> [What the task asks]: Take the lines below beginning at the line that has "ニッポン放送『オールナイトニッポン0(ZERO) ミクチャ夏SP』番組概要" and stopping after the line that has "- FDC 弔事 花輪60円 1982年 1貼1消 説明書有 松屋●69●同梱大歓迎", and print them exactly as they are, with no other lines.

> [Input]:

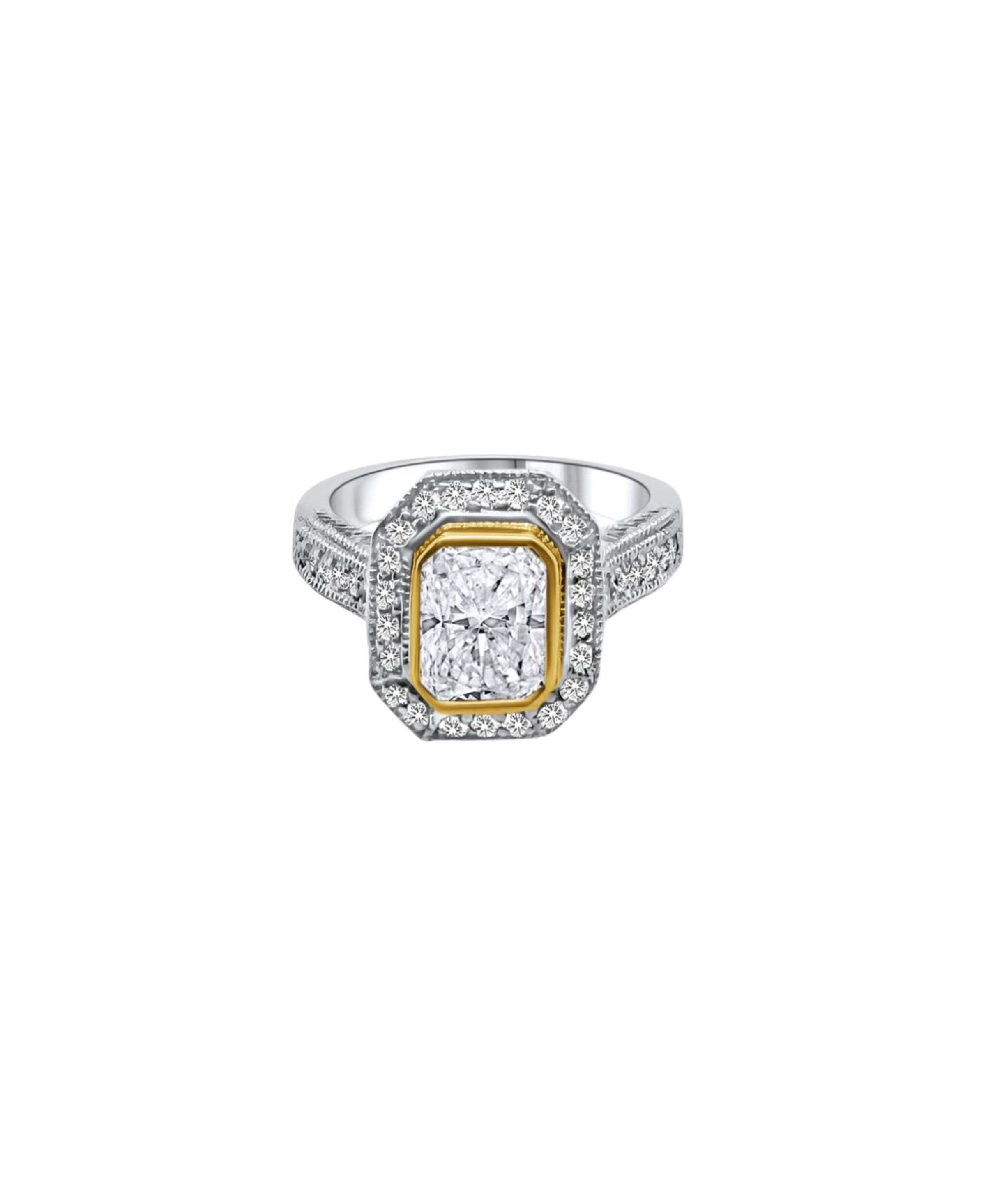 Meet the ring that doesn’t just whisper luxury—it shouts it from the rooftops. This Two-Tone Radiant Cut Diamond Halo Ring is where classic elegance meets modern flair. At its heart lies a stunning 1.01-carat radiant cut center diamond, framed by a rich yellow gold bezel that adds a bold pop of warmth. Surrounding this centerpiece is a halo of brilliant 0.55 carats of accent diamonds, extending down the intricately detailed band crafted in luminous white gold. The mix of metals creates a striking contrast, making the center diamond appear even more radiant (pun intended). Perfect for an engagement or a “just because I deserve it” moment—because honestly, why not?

* * *

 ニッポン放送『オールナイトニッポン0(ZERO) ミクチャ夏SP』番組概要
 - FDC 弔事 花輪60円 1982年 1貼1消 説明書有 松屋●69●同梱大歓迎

--

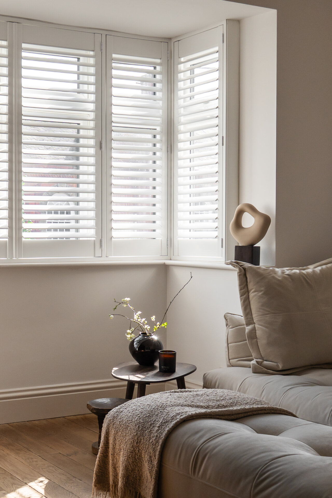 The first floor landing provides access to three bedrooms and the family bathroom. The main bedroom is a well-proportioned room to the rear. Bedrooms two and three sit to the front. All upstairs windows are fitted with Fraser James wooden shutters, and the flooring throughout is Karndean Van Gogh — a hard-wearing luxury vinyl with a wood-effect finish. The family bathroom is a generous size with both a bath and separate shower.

> [Answer to this exercise]:
 ニッポン放送『オールナイトニッポン0(ZERO) ミクチャ夏SP』番組概要
 - FDC 弔事 花輪60円 1982年 1貼1消 説明書有 松屋●69●同梱大歓迎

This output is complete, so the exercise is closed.